* YOUR INSTRUCTIONS
Go to the line with "There are a" in the material below and copy from there through the line with "131 Middlesex Tpk, home to Dermalogica", exactly. Pictures are not copied.

━━ DATA FOR THIS TASK ━━

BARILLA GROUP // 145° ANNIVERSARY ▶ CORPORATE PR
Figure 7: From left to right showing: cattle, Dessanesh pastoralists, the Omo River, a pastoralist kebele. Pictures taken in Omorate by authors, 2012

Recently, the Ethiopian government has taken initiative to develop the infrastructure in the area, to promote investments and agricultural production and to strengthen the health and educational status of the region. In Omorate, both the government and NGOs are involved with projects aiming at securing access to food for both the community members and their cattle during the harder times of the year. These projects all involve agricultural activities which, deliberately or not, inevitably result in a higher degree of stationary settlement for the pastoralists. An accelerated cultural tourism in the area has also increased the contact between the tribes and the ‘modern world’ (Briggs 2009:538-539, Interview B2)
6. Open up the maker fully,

━━━
━━ DATA FOR THIS TASK ━━

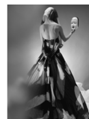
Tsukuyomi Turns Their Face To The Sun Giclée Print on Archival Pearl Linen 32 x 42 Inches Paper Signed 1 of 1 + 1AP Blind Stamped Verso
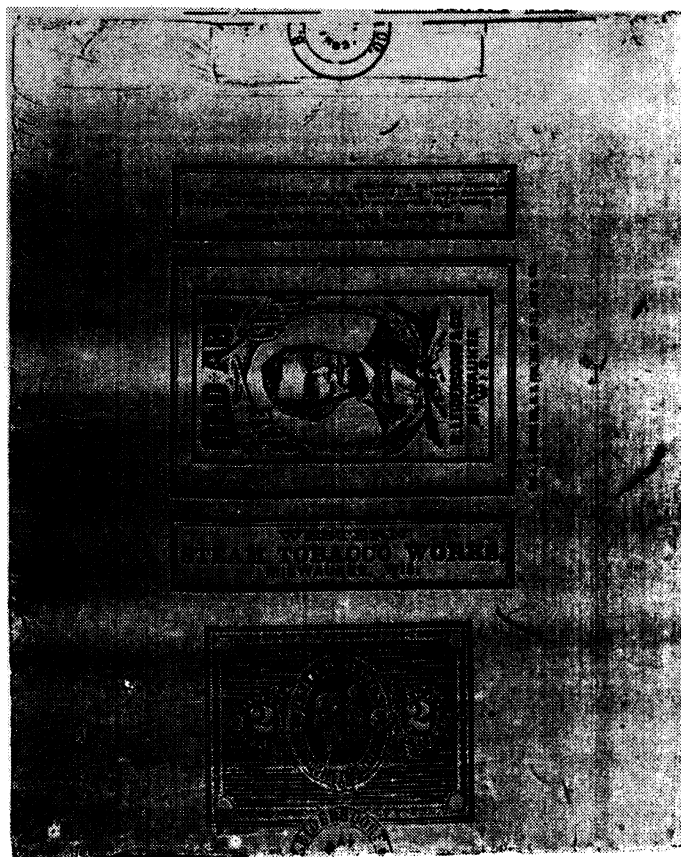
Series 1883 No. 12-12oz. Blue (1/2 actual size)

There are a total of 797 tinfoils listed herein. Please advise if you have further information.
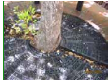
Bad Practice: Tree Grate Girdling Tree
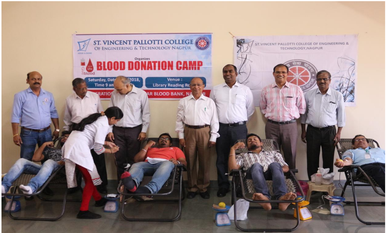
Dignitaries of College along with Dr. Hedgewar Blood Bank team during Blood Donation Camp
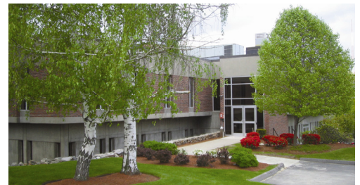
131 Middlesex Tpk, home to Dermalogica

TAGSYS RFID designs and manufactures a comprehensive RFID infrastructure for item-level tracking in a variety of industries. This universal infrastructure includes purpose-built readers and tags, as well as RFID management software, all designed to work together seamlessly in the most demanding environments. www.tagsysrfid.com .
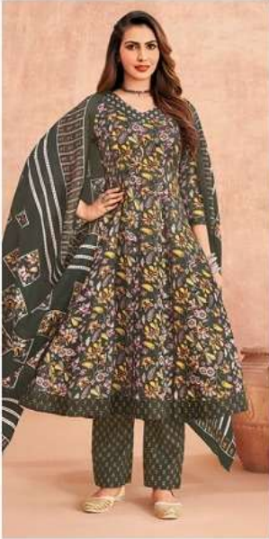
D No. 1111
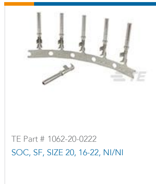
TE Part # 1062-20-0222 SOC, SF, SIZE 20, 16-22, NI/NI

━━━

* RESULT
There are a total of 797 tinfoils listed herein. Please advise if you have further information.
Bad Practice: Tree Grate Girdling Tree
Dignitaries of College along with Dr. Hedgewar Blood Bank team during Blood Donation Camp
131 Middlesex Tpk, home to Dermalogica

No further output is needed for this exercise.